I'm generating set of contour curves that I would like to convert to a parametric equation. I have no idea how to do it other than polynomial fit or elliptical equation, neither of which seems unsuitable. I could even use guidance on how to research this problem. When I lookup "squarish circle" on the Interwebs, all I mostly find discussion of rectangles with rounded corners, which is NOT what I'm looking for.
The below is an idealized example of the type of contour:
I want to parameterize the curve for 1) correcting of quantization error (not shown in above image) and 2) data compression.
In the above example, like most of the of contour sets I'm working with, the inner most contours lines could easly fit to a circle/ellipse, but the same cannot be said of the outer curves, as they become more squarish.

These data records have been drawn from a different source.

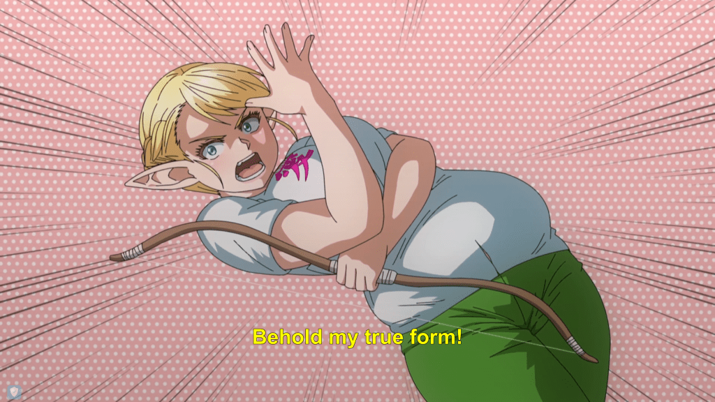This is NOT the way I wanted to spend my weekend guys. I just wanted to relax after a hard week of work and watch some decent anime premieres…maybe even write some insightful commentary. But along comes Plus-Sized Elf with its absurd fanservice and mediocre plot and says “Hold my french fries.” This show is the animated version of a pile of Snickers; absolute junk food with no redeeming nutritional value. Yeah, it might scratch an itch for someone, but dearest gentle reader, that someone ain’t me. Two minutes and thirty seconds into this show, our title character pulls off her shirt revealing her breasts for all to see. Why? Because that’s all this show has going for it: fanservice and fetish pandering. This show is out there for shock value and titillation and has more than earned its TV-MA rating. It comes in, flashes some boobs, gives plenty of fanservice shots, and leaves. It’s not even a full-length episode, just barely clocking over eleven minutes with the ending title sequence. And speaking of the ending title—that was a mess. An absolute MESS.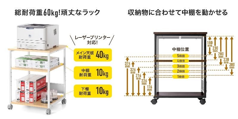新色追加!総耐荷重60kg!高さを合わせデスクと並べて使えるプリンターラックを1月10日発売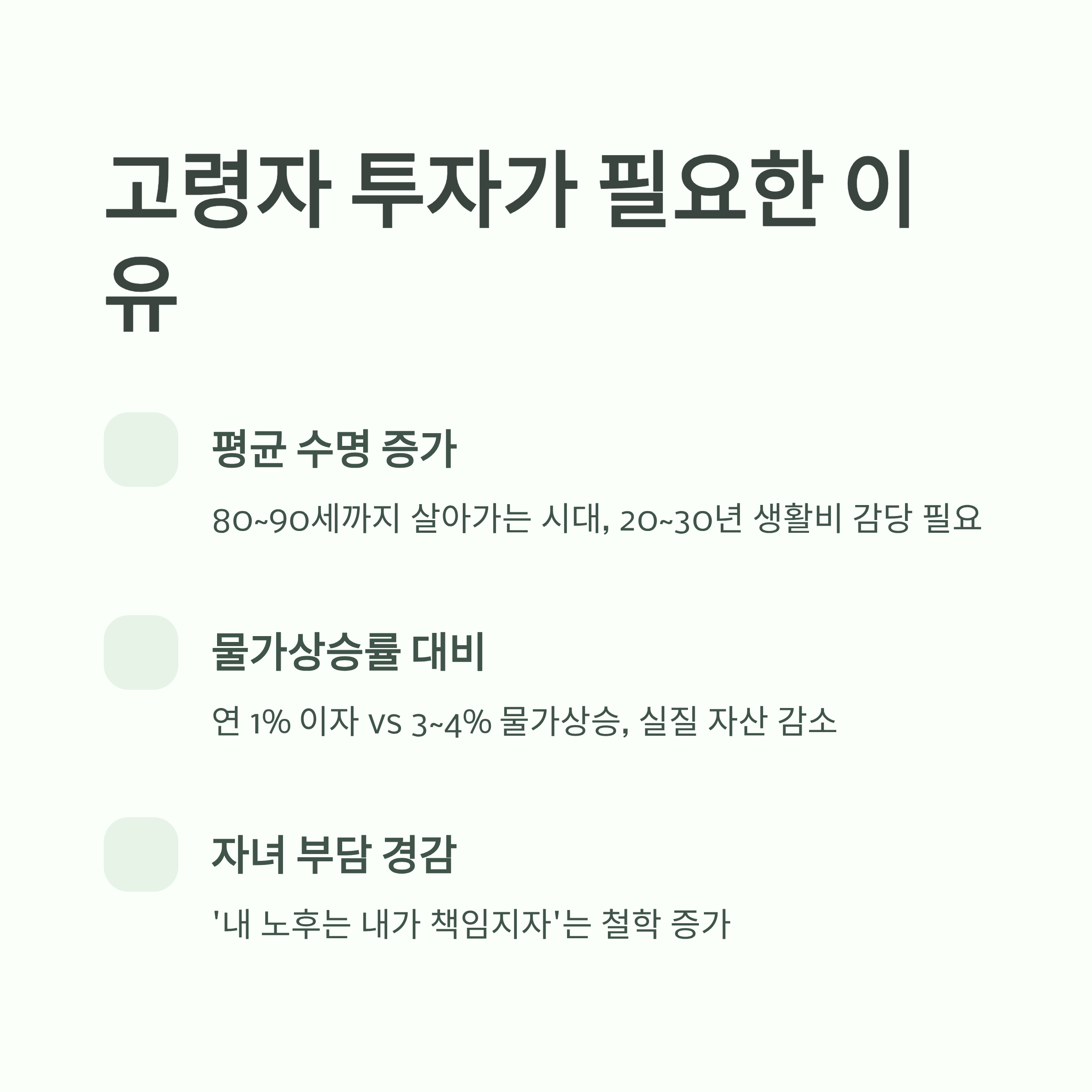 고령자가 주식 투자에 관심을 가져야 하는 이유는 꽤 많아요. 먼저, 평균 수명이 길어지면서 80~90세까지 살아가는 시대가 되었죠. 단순히 연금을 수령하거나 예금을 쌓아두는 것만으로는 20~30년 동안 생활비를 감당하기 어렵다는 의견이 많아요. 고령자라도 자산이 일정 부분 증식되어야 장기적인 생활 안정이 가능하답니다.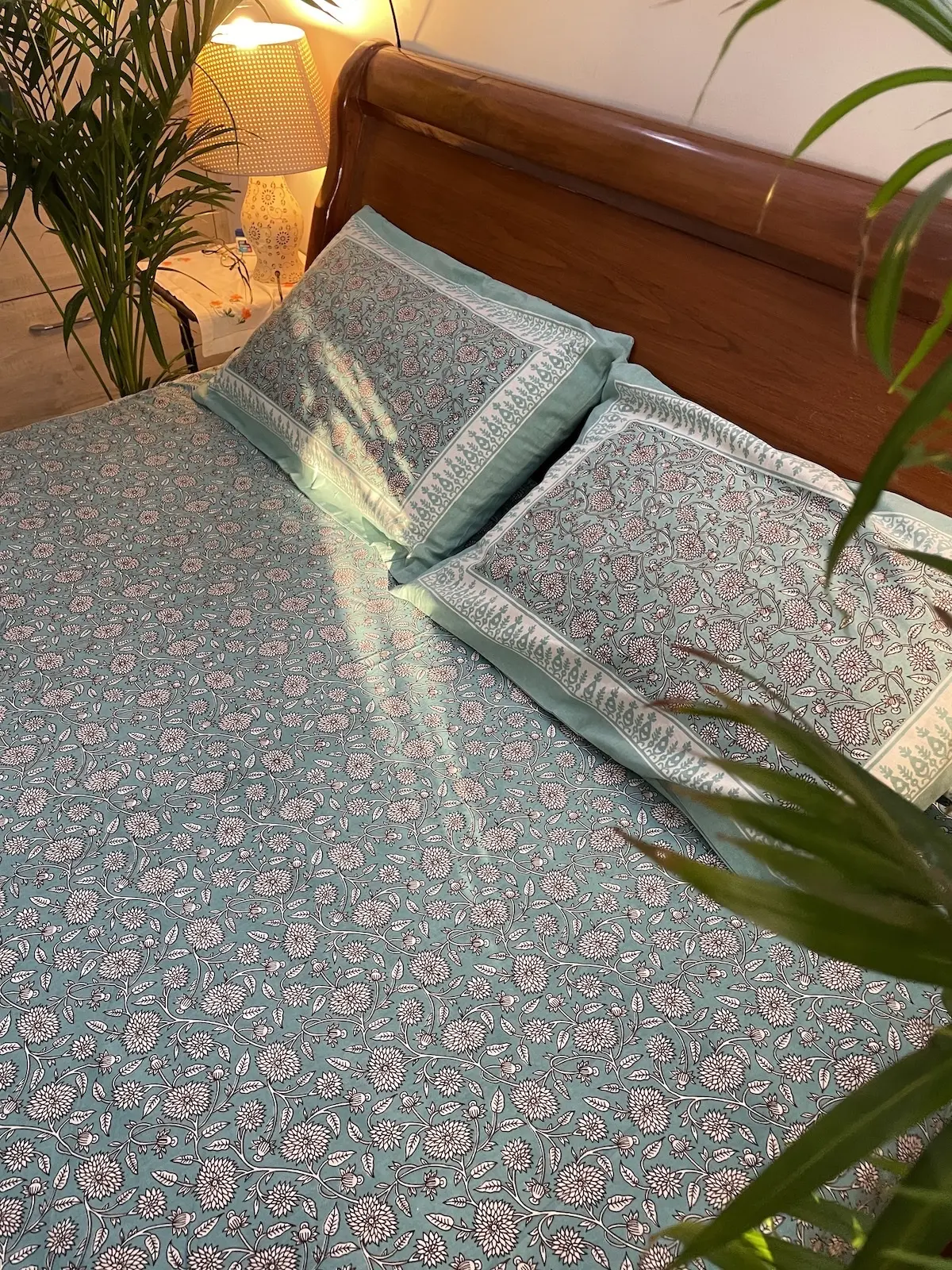 Bourbon rose floral motif cotton bedsheet in a soothing shade of green. Comes with two matching pillow cover.
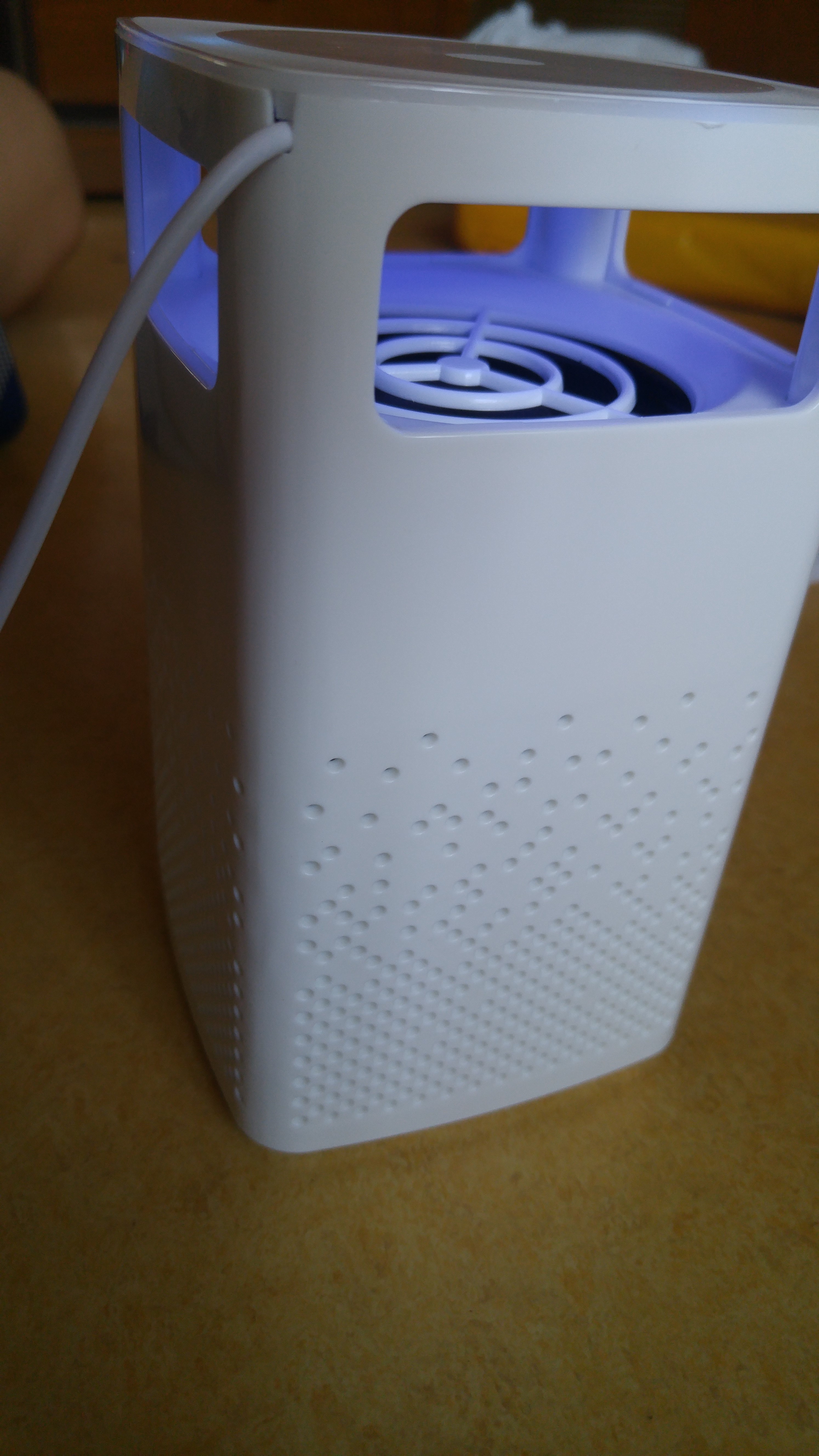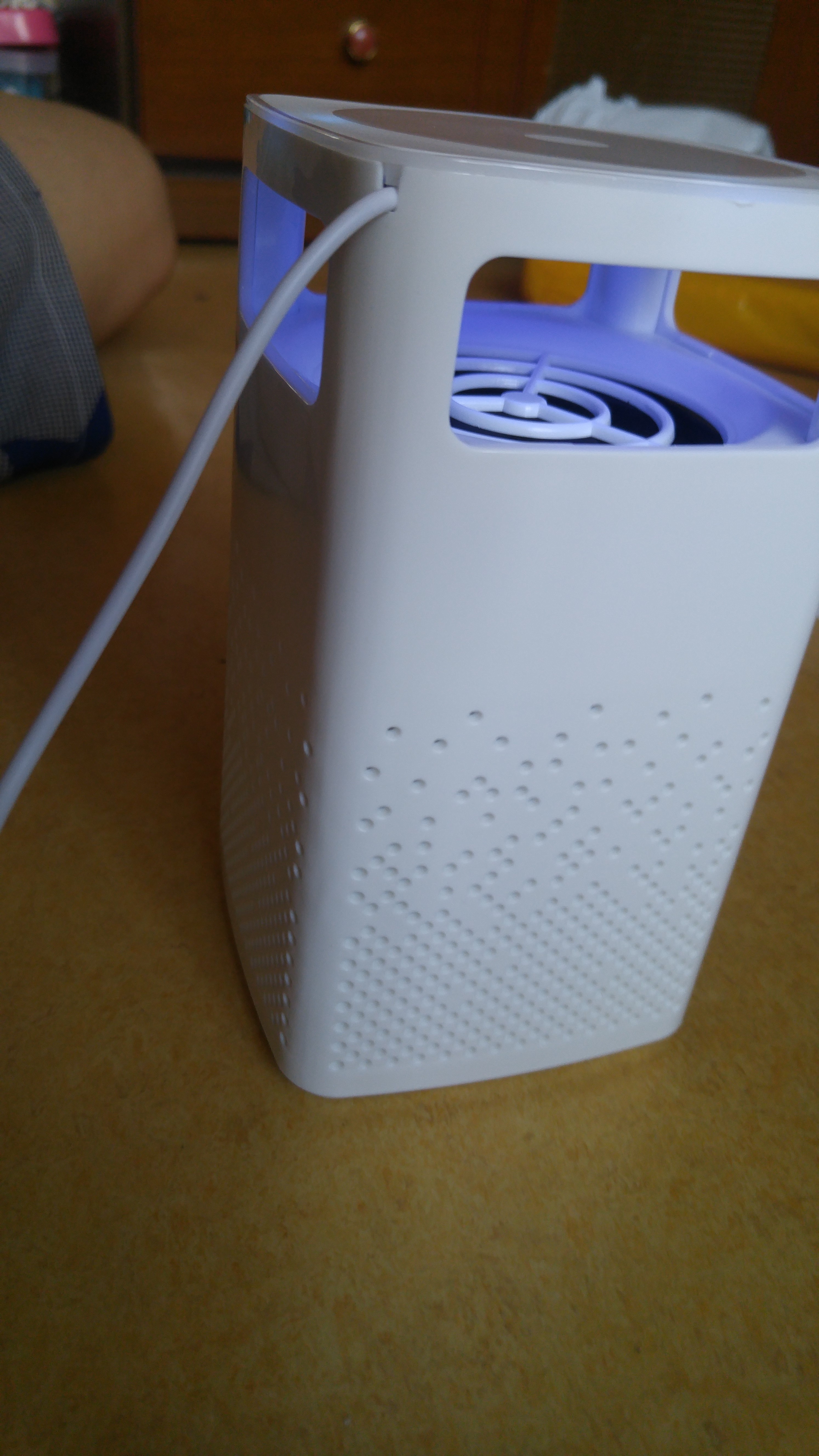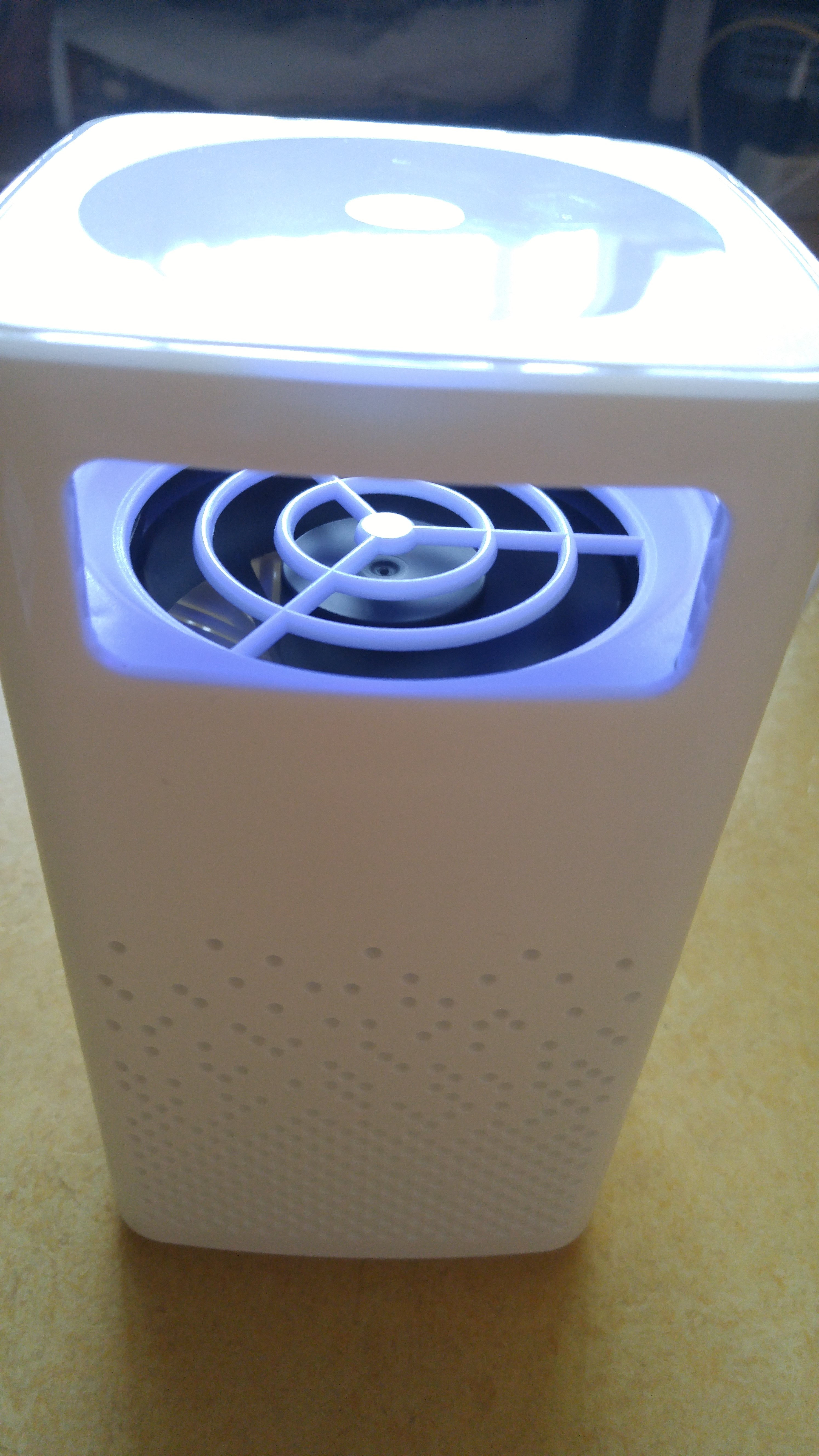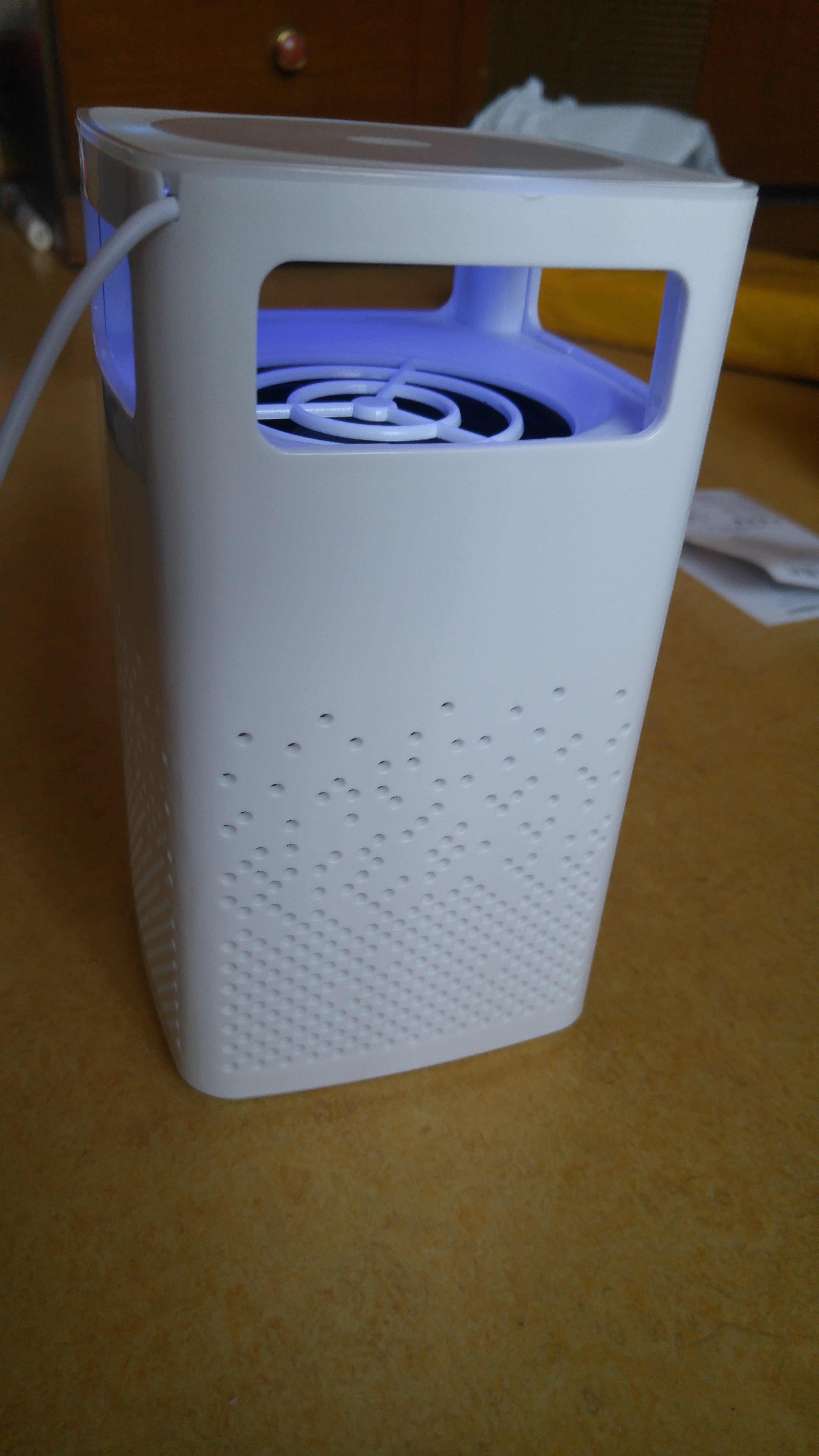 이제 USB에 연결해서 켜보았다. 팬 돌아가는 소리와 은은한 등이 켜지더라. 그외에 별 다른 건 없었다. 불 끄고 보면 분위기가 좋아 보인다. 이거 모기잡이 보다는 분위기를 은은하게 잡아주는 역할로, 소위 슬리핑 램프로 더 요긴하게 쓰이겠더라. 지금 켜서 놔두고 있는데 근처에 모기하나 얼씬하지 않는다.

For my application, the contours can be expected to be smooth, well-behaved, convex curves, and will have at least one axis of symmetry. But the data I'm working have finite sampling, producing quantization error in the calculated contours (particularly along angles away from $0, \pm\pi/2, \pi$). I want to correct for this quantization error by fitting the data to an a priori parametric expression that can capture the squarish nature of the curve.
I've already tried simply fitting calculated $r$ vs. $\theta$ to polynomial curves but even high-order (5+ order) polynomial produce very bad results. Equally important, standard polynomial fitting will not take advantage of the fact that, in my case (due to selective non-uniform sampling), $f(\theta)$, $f'(\theta)$ and $f''(\theta)$ can be made to have very little quantization error at $0, \pm\pi/2, \pi$.